Authorisation is also required for any foreign investment in Spain (that concept as defined above) made by a foreign investor that: (i) is directly or indirectly controlled by the government (including public entities or the armed forces) of another state, applying the criteria established in article 42 of the Spanish Commercial Code for the purpose of ascertaining that control; (ii) has made investments or has taken part in sectors that affect public safety, public policy or public health in another member state; (iii) where action has been brought against it in another state on grounds of having engaged in criminal or unlawful conduct.

Investments made without the required prior authorisation will be invalid and legally void until they have been properly legalised.

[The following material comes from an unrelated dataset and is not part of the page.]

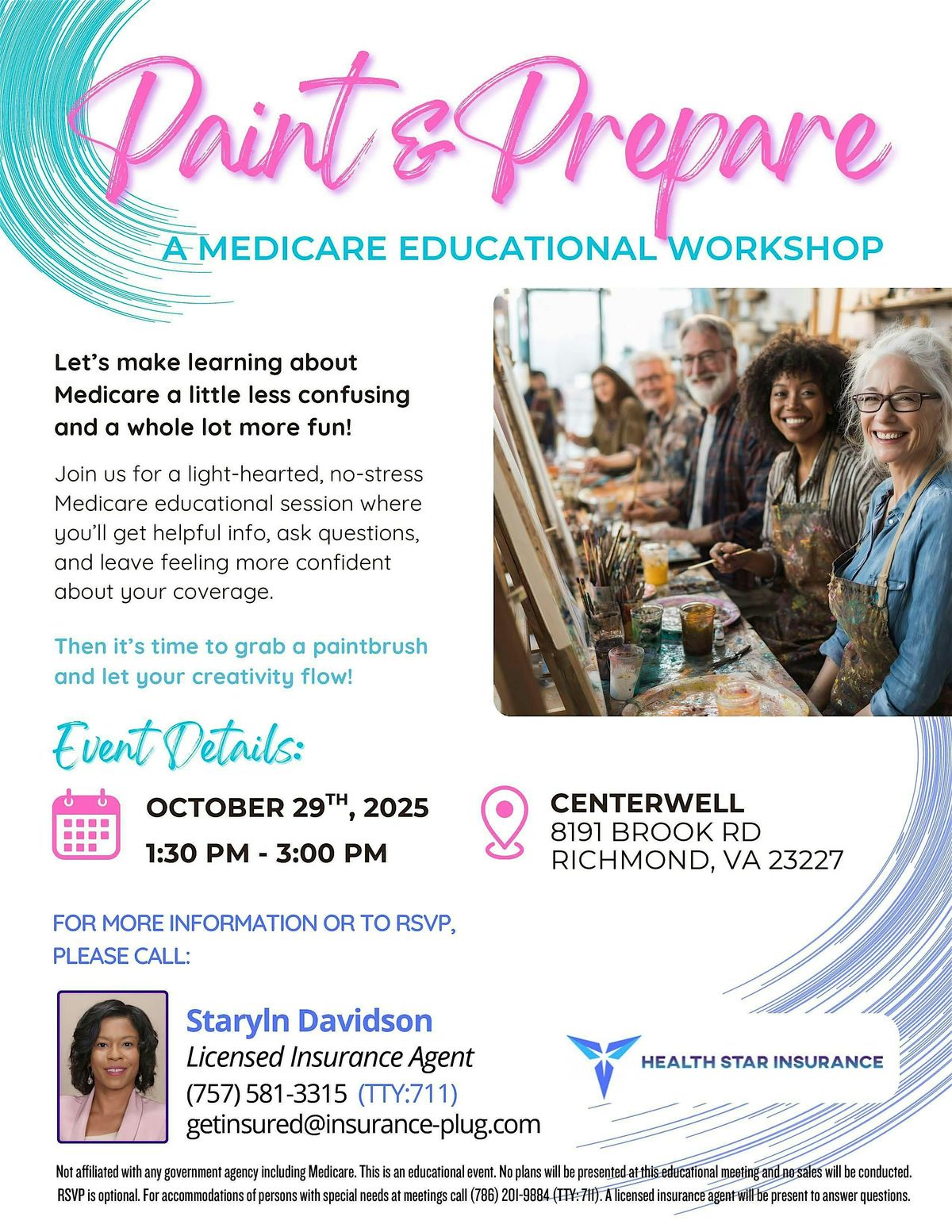 Welcome to the Paint & Prepare Medicare Educational Workshop! Join us at CenterWell Senior Primary Care on November 29, 2025 at 1:30 PM (Eastern Time) to learn all about Medicare. Get ready to dive into the ins and outs of this essential program. Don't miss this opportunity to get informed and prepared. See you there!

In addition, breach of the restrictions constitutes a very serious offence, which would lead to a fine (which could amount to the sum of the transaction) and public or private reprimand.

It should be understood that the regime of prior authorisation does not remove, but rather is in addition to, the ex-post control by the Spanish National Markets and Competition Commission into certain investments in the energy sector, in accordance with the ninth addition provision of Law 3/2013, of 4 June, on the creation of the National Markets and Competition Commission (Ley 3/2013, de 4 de junio, de creación de la Comisión Nacional de los Mercados y la Competencia).


  1. Which, according to article 4 of RD 463/2020, are, in their respective areas of responsibility, the Minister of Defence, the Interior Minister, the Minister of Transport, Mobility and Urban Agenda, and the Health Minister, the latter in respect of all of those areas not falling to the preceding three.